En effet, les militants de l’Hindutva colportent des théories du complot islamophobes pour diaboliser les musulmans. Les hommes musulmans sont accusés de participer au « jihad de l'amour », c'est-à-dire de courtiser et d'attirer des femmes hindoues en leur promettant un mariage afin de les convertir à l'islam. En plus du « jihad d’amour », les hommes musulmans sont accusés de conspirer contre les hindous en menant le « jihad de la terre », le « jihad du coronavirus » et le « jihad des stupéfiants ».
Les couples hindous-musulmans ne sont pas les seuls à être la cible des campagnes de haine de l’Hindutva. Toute interaction entre hindous et musulmans ou fusion de leurs cultures est mal vue par les extrémistes hindous.
Les écoles ne sont pas autorisées à faire « des prières interconfessionnelles parce que l’invocation d’Allah ou de Khuda ne peut pas être accompagnée d’une ode à un dieu ou une déesse hindoue, ou encore que les enfants hindous ne peuvent même pas être autorisés à voir une mosquée », a déclaré Apoorvanand. « Les musulmans ne peuvent pas être les voisins des hindous. Les magasins musulmans ne peuvent pas proposer de marchandises portant le nom de dieux hindous, et les musulmans ne peuvent pas être autorisés à faire des affaires à l’extérieur d’un temple lors d’une occasion religieuse hindoue.
Selon Apoorvanand, la décision de porter la question du nom de la lionne devant les tribunaux est loin d'être « folle ». Il s’agit « en fait d’une action bien réfléchie » menée par des militants de l’Hindutva « visant à transformer ou à déformer l’imagination des hindous ».
La réponse de l’État à la ridicule pétition du VHP est tout aussi alarmante. Au lieu de le jeter hors du tribunal et de frapper les requérants sur les doigts pour avoir fait perdre du temps au tribunal, un juge unique de la Haute Cour a non seulement admis le plaidoyer, mais a également demandé aux autorités de renommer le lion et la lionne. L'affaire a même fait sensation : l'officier forestier principal Prabin Agrawal, qui aurait inscrit les noms du lion et de la lionne comme Akbar et Sita dans le registre d'expédition avant de les envoyer au Bengale occidental depuis Tripura, a été suspendu.
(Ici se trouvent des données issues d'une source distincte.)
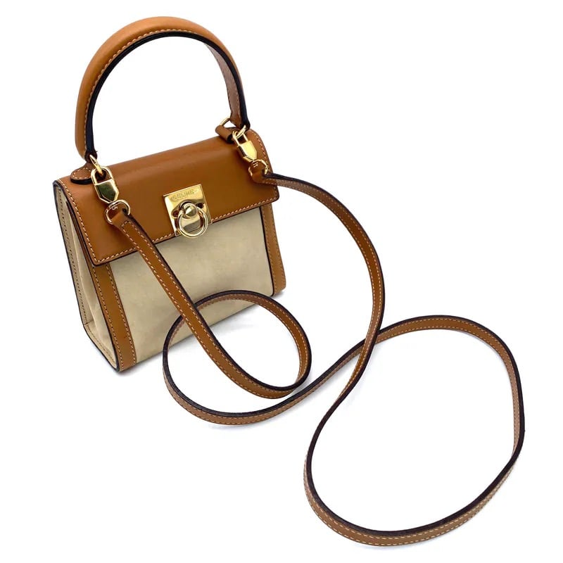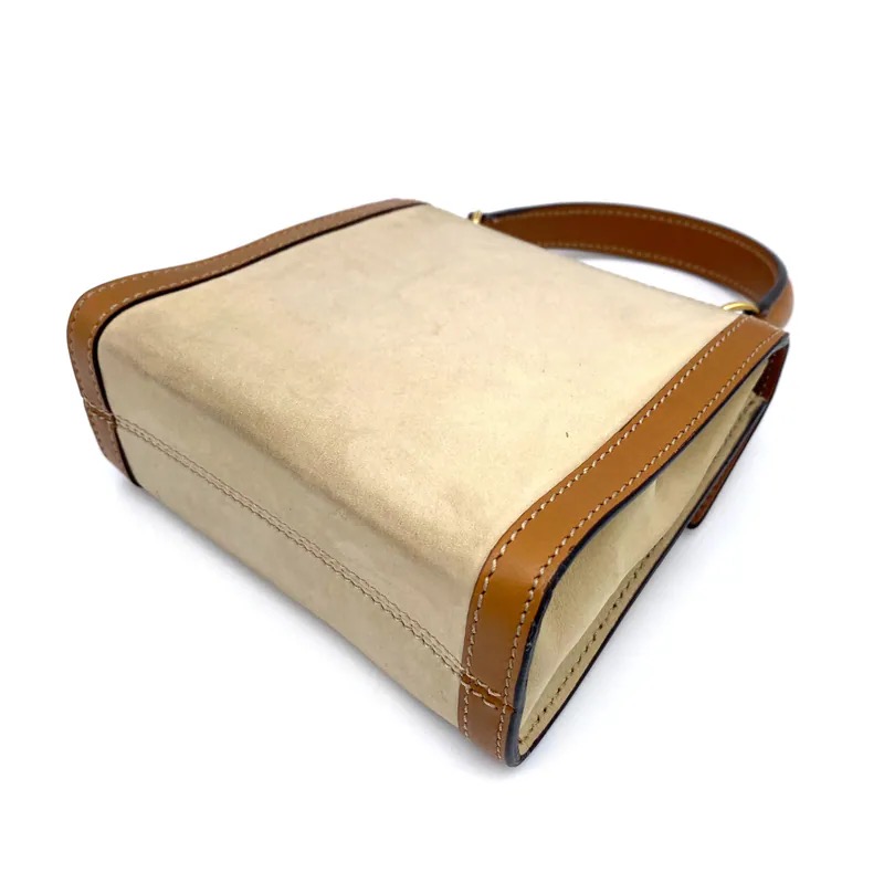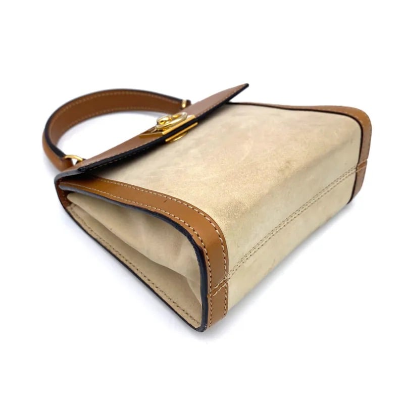 Ranking : B Colour : Beige X Brown Size : W13 X H12 X D5.5 cm Handle Drop : 7 cm Strap Length : 115 cm Material : Suede X Leather Remark : Outside scratches and wears, Inside scratches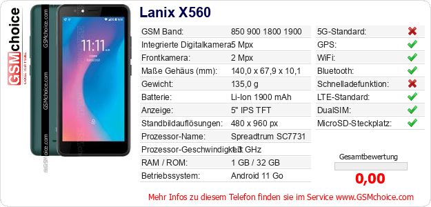 Daten des Mobiltelefons Lanix X560 auf Ihrer Seite
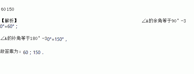 60 150 【解析】∠A的余角等于90°-30°=60°; ∠A的补角等于180°-30°=150°, 故答案为:60;150.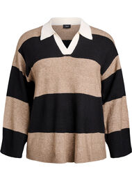 Casual gebreide blouse in een zachte en lichte stof met 64% gerecyclede vezels en 6% wol, wat zorgt voor een warme en comfortabele feel. De stijl heeft een klassieke kraag met een V-hals, lange mouwen en een losse pasvorm met geribde randen bij de mouwen en zoom.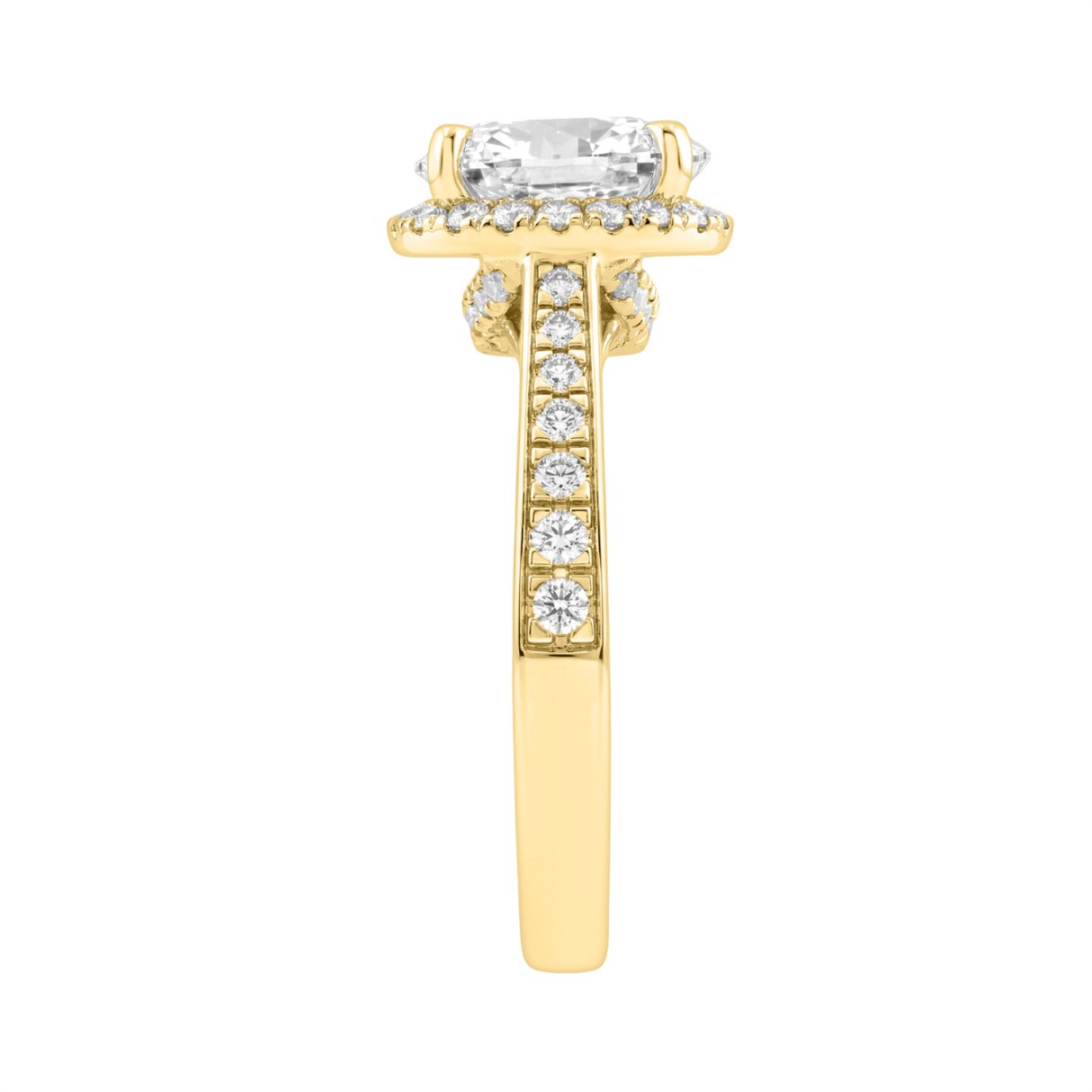 LADIES RING 5 1/4CT ROUND/CUSHION DIAMOND 14K YELLOW GOLD (CENTER STONE CUSHION DIAMOND 4CT )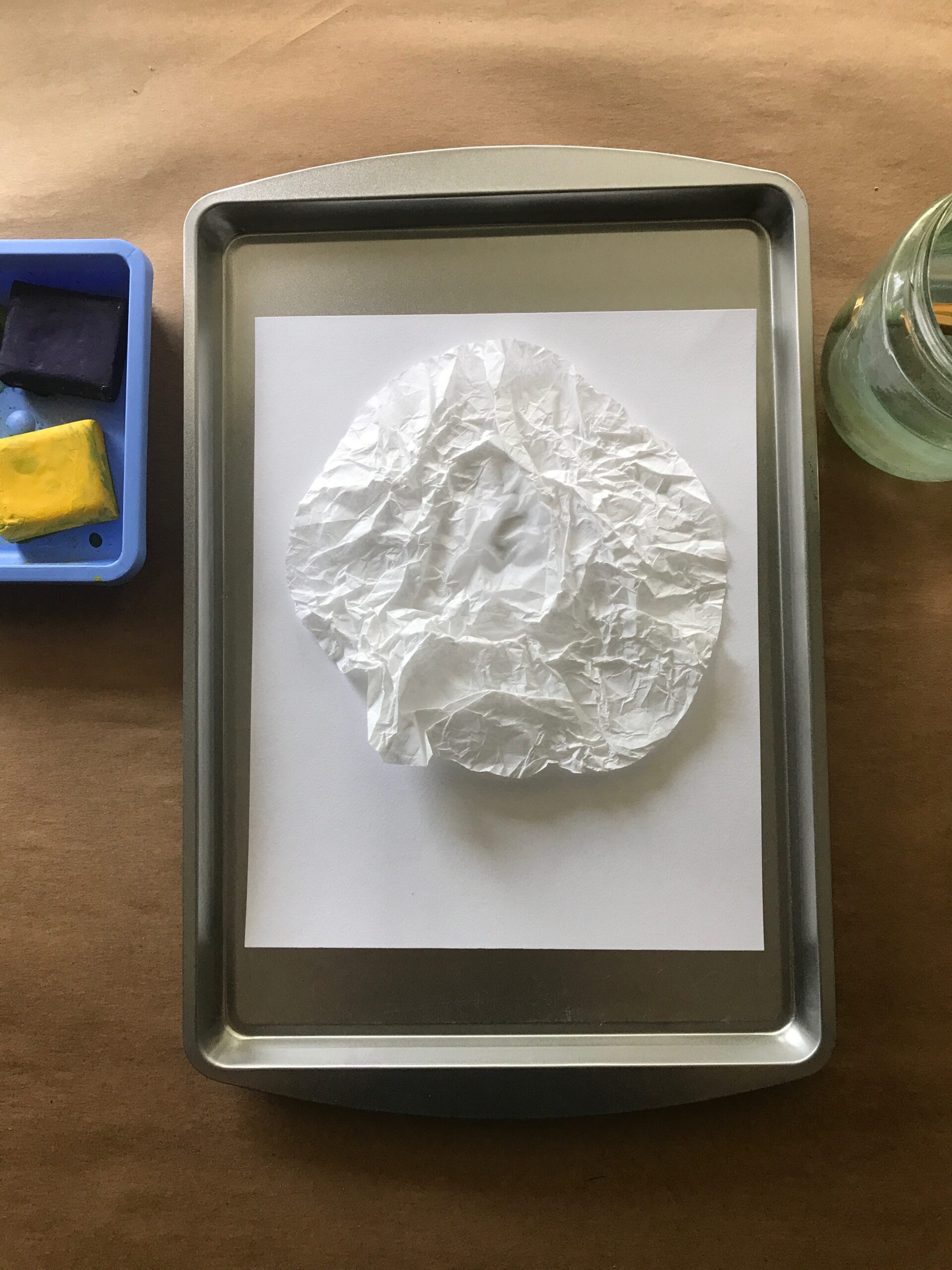 - Paint any white paper left with blue paint (or other colors if available).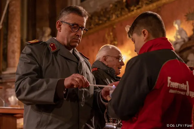 STEYR-LAND/STEYR STADT. Im Rahmen einer besinnlichen und würdevollen Feierstunde wurde am Dienstag, 16. Dezember, das Friedenslicht an die oberösterreichische Feuerwehrjugend übergeben. Die diesjährige Übergabe fand in der Basilika des Stiftes St. Florian statt. Auch Jugendliche sowie deren Betreuerinnen und Betreuer aus Steyr-Land und Steyr-Stadt nahmen an der Feier teil.
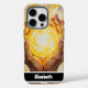 Conception vibrante de boîtier de téléphone représentant des mains tenant un cercle jaune éclatant, mettant en valeur la créativité et la chaleur. Le détail personnalisé du nom ajoute une touche d'individualité, ce qui en fait un excellent choix d'accessoires ou de cadeaux.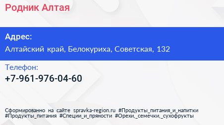 Родник Алтая по адресу Алтайский край, Белокуриха, Советская, 132 в дальнейшем Организация, размещена в следующих категориях: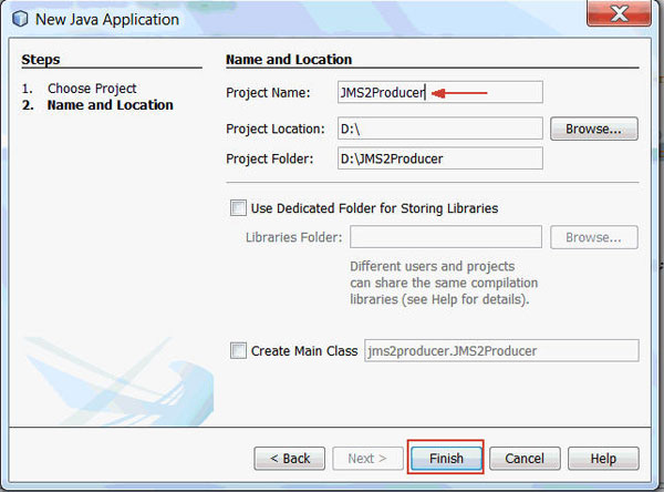 Enter JMS2Producer as the project name.

À l’approche des élections générales, la possibilité que « les militants de l’Hindutva intensifient leurs efforts pour polariser la société » ne peut être exclue, a déclaré un parlementaire du Trinamool Congress (TMC) au Diplomat. La controverse sur les noms du lion et de la lionne doit être considérée dans ce contexte, a-t-il déclaré.
Le VHP a accusé le Bengale occidental, dirigé par le TMC, d’avoir nommé Akbar et Sita. Cependant, il semble que le couple de chats ait été nommé dans Tripura, géré par le BJP. Le BJP et le TMC sont des rivaux acharnés et se préparent à une féroce bataille électorale.
La vie d'un couple interreligieux, en particulier d'un couple hindou-musulman en Inde, est devenue de plus en plus difficile au cours de la dernière décennie. La récente polémique entre un lion « musulman » et une lionne « hindoue » montre que la vie n'est pas non plus facile pour le roi de la jungle.
Dernièrement entendu, Akbar et Sita ont été séparés et placés dans des enclos différents.